- THE TASK
For this exercise, copy exactly only the lines from the one containing "離開玻璃庭院區域到裡面一點的" to the final line of the material below, without the pictures.

- MATERIAL SUPPLIED
# # # # #
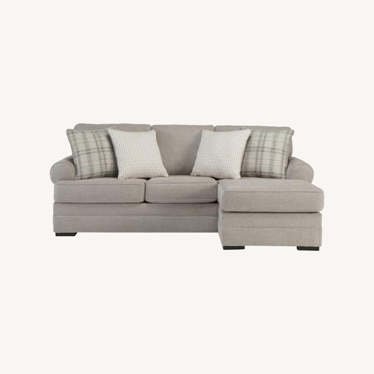 Seller's Notes:The Arbhor Knoll sofa chaise is perfect for movie nights, games or cozy naps. Its soft herringbone weave upholstery offers unmatched comfort. Accent pillows add a casual contemporary touch with their delightful blend of colors. Elevating your relaxation game has never been easier.
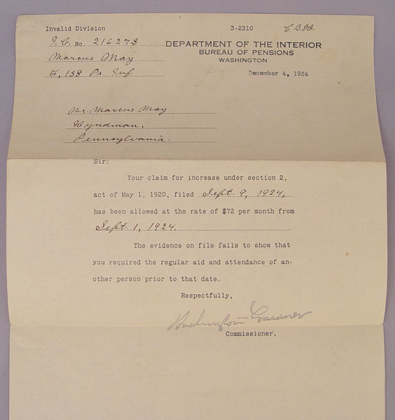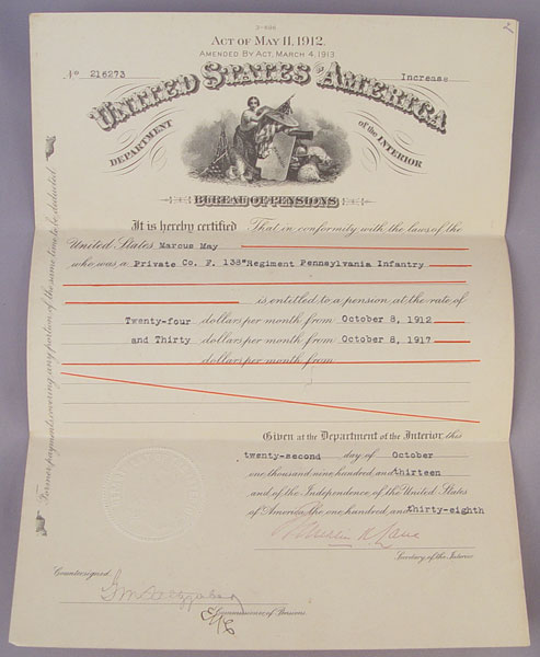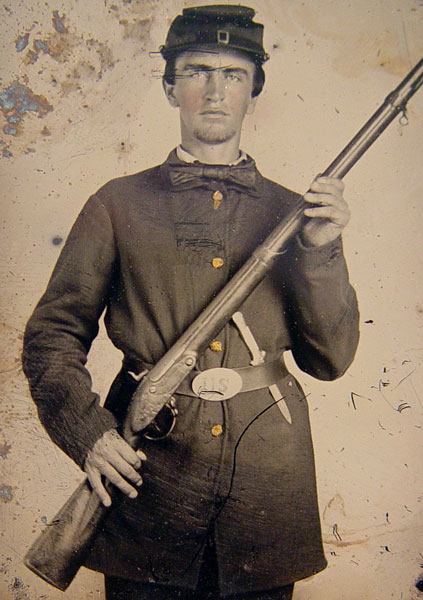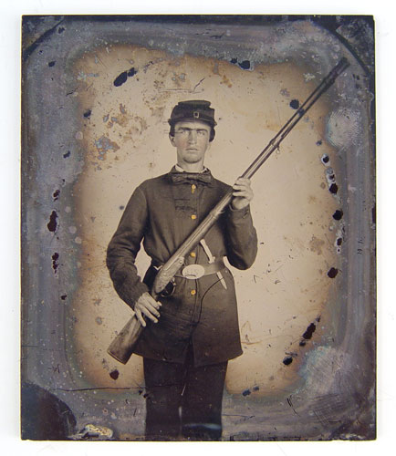 IDENTIFIED PENNSYLVANIA CIVIL WAR SOLDIER AMBROTYPE: Marcus May, 138th Pennsylvania tintype image holding rifle, with side knife in belt. Identified with pension document, directly from descendants. Please note some discoloration around edges of glass, image is nice and crisp with a few minor scratches. Case missing lid. Measures 3 1/8'' x 2 5/8''. Also comes with assorted land grants, deeds, releases from Schuylkill County Pennsylvania dated 1842-1876, no relationship to photo.
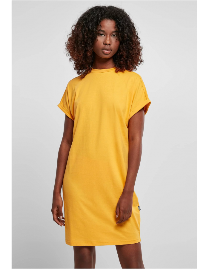 Atraktivní minišaty se svěžím letním vzhledem, chytrými detaily a neobvyklým znakem na zádech s logem Urban Classics přecházejícím přes ramena a s přechodovým vzhledem v duhových barvách. Látka šatů je bavlna šetrná k pokožce a má odpovídající barvu. Akcenty dodává pohodlný volný střih, mírně zvýšený žebrovaný výstřih a zkrácené krátké rukávy s manžetami. Díky sedlu vzadu je zajištěno optimální padnutí šatů.
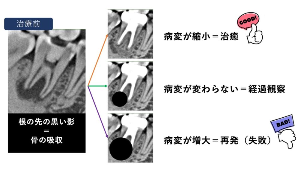 歯根端切除術をしても治らない場合は、さらに歯根を短く切除する再外科治療か、残念ながら抜歯が選択肢となります。術後の痛みや腫れなどの症状は、治療の成否の判断には影響しません。そのため、術後6〜12ヶ月程度の経過観察が必要となります。
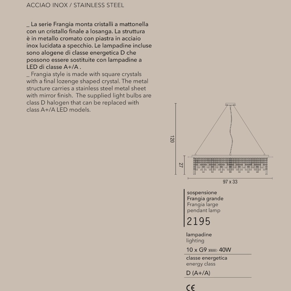 Ondaluce so batita lampadario di cristallo 87cm losanghe
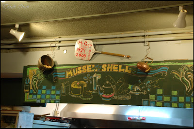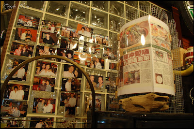 離開玻璃庭院區域到裡面一點的區域,除了有個不小的飲料吧檯以外,整個室內區域牆面上掛滿了來店名人簽名與留言過的紀念餐盤、合影、美食雜誌之報導簡報等物品;看了這區的擺設,大帥小傻才知道原來這兒如此有名呢!
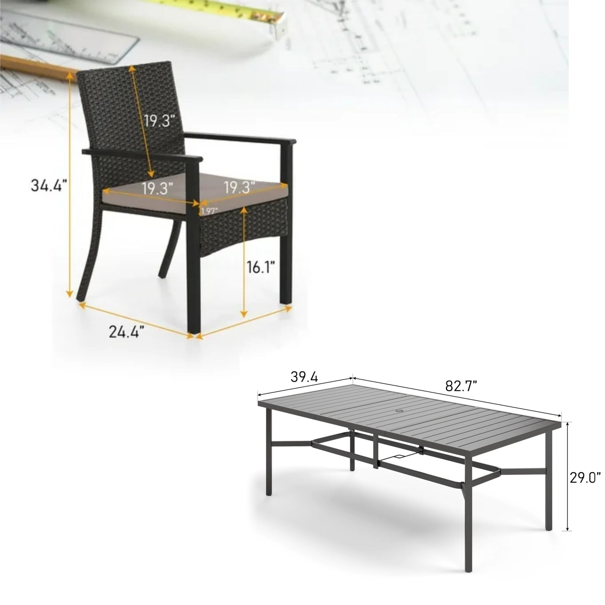 Sophia & William 9-Piece Outdoor Patio Dining Set Metal Table and Rattan Chairs Set for 8, Black & Beige
# # # # #
- RESPONSE AREA
 離開玻璃庭院區域到裡面一點的區域,除了有個不小的飲料吧檯以外,整個室內區域牆面上掛滿了來店名人簽名與留言過的紀念餐盤、合影、美食雜誌之報導簡報等物品;看了這區的擺設,大帥小傻才知道原來這兒如此有名呢!
 Sophia & William 9-Piece Outdoor Patio Dining Set Metal Table and Rattan Chairs Set for 8, Black & Beige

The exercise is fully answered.